What is being asked:
Across the whole listing, return each line exactly, with no images included.

Data shown:
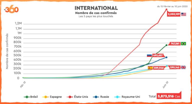 La pandémie du nouveau coronavirus a touché 7.254.143 (+120.531 en 24 heures) de personnes et fait au moins 411.588 (+5.031 en 24 heures) morts et dans le monde depuis son apparition en décembre en Chine, selon le comptage de l’AFP mercredi 10 juin à 12h00 GMT.
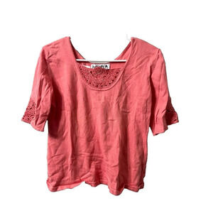 Joseph A Womens Coral Orange Blouse Medium Pullover Short Sleeve Crochet Sequin
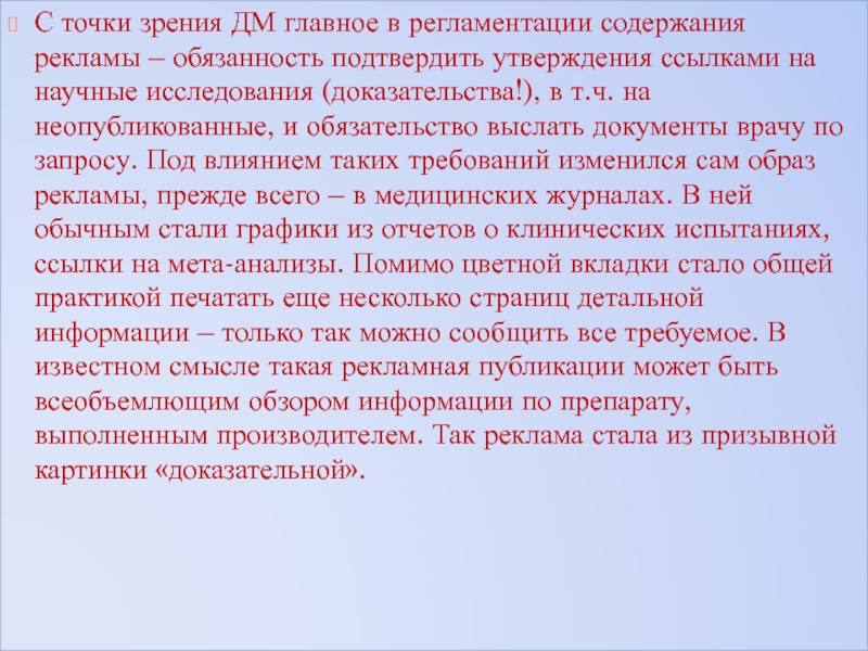 на неопубликованные, и обязательство выслать документы врачу по запросу. Под влиянием таких требований изменился сам образ рекламы, прежде всего – в медицинских журналах. В ней обычным стали графики из отчетов о клинических испытаниях, ссылки на мета-анализы. Помимо цветной вкладки стало общей практикой печатать еще несколько страниц детальной информации – только так можно сообщить все требуемое. В известном смысле такая рекламная публикации может быть всеобъемлющим обзором информации по препарату, выполненным производителем. Так реклама стала из призывной картинки «доказательной».

Worked solution:
 La pandémie du nouveau coronavirus a touché 7.254.143 (+120.531 en 24 heures) de personnes et fait au moins 411.588 (+5.031 en 24 heures) morts et dans le monde depuis son apparition en décembre en Chine, selon le comptage de l’AFP mercredi 10 juin à 12h00 GMT.
 Joseph A Womens Coral Orange Blouse Medium Pullover Short Sleeve Crochet Sequin
 на неопубликованные, и обязательство выслать документы врачу по запросу. Под влиянием таких требований изменился сам образ рекламы, прежде всего – в медицинских журналах. В ней обычным стали графики из отчетов о клинических испытаниях, ссылки на мета-анализы. Помимо цветной вкладки стало общей практикой печатать еще несколько страниц детальной информации – только так можно сообщить все требуемое. В известном смысле такая рекламная публикации может быть всеобъемлющим обзором информации по препарату, выполненным производителем. Так реклама стала из призывной картинки «доказательной».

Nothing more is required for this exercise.